#### Information shown
=-=-=-=-=
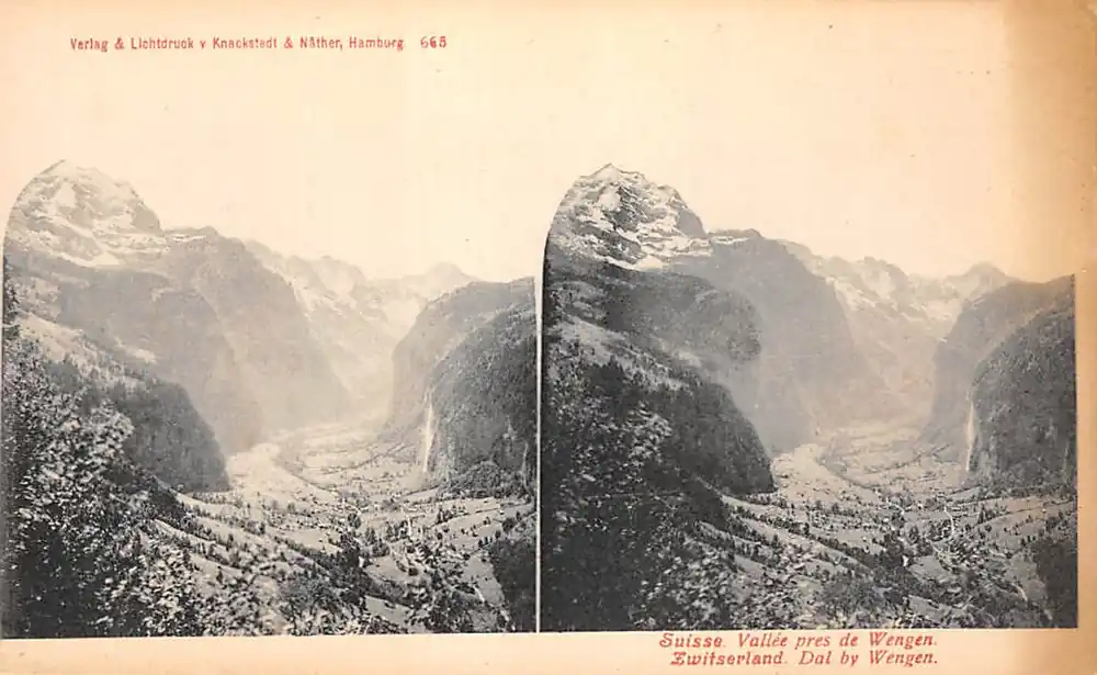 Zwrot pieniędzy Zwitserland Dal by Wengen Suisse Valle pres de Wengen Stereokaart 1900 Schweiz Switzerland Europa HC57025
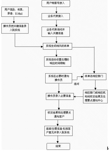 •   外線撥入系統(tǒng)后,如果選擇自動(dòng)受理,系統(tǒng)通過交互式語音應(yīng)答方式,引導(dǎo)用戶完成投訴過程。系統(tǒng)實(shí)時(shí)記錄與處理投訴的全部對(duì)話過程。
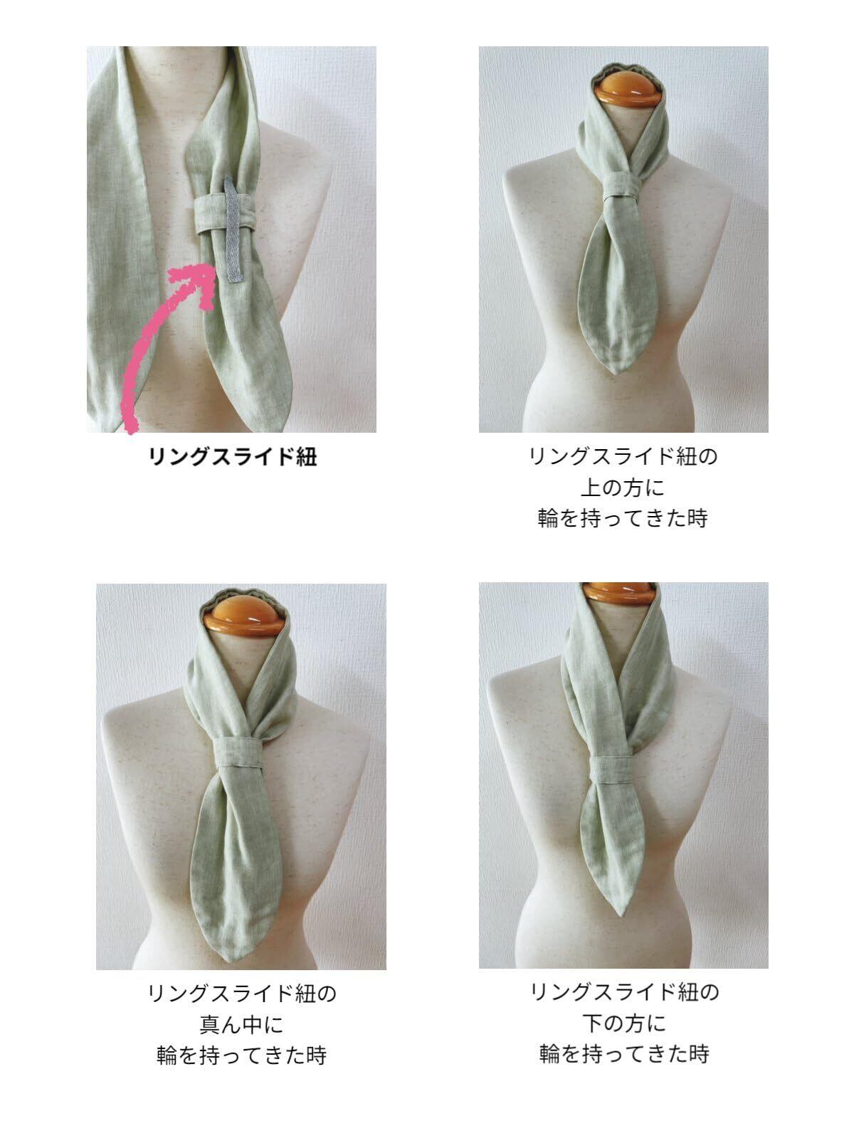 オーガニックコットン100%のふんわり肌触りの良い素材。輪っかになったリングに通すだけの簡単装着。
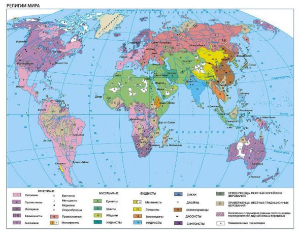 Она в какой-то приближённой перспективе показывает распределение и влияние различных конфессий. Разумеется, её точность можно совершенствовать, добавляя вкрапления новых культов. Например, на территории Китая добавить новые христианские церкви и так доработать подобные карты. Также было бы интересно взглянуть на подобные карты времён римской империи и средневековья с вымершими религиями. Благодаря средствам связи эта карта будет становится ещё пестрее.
=-=-=-=-=
#### Problem to work on
Would it be possible to give the material above again exactly, with the pictures left out?

#### Answer to the problem
 Zwrot pieniędzy Zwitserland Dal by Wengen Suisse Valle pres de Wengen Stereokaart 1900 Schweiz Switzerland Europa HC57025
 •   外線撥入系統(tǒng)后,如果選擇自動(dòng)受理,系統(tǒng)通過交互式語音應(yīng)答方式,引導(dǎo)用戶完成投訴過程。系統(tǒng)實(shí)時(shí)記錄與處理投訴的全部對(duì)話過程。
 オーガニックコットン100%のふんわり肌触りの良い素材。輪っかになったリングに通すだけの簡単装着。
 Она в какой-то приближённой перспективе показывает распределение и влияние различных конфессий. Разумеется, её точность можно совершенствовать, добавляя вкрапления новых культов. Например, на территории Китая добавить новые христианские церкви и так доработать подобные карты. Также было бы интересно взглянуть на подобные карты времён римской империи и средневековья с вымершими религиями. Благодаря средствам связи эта карта будет становится ещё пестрее.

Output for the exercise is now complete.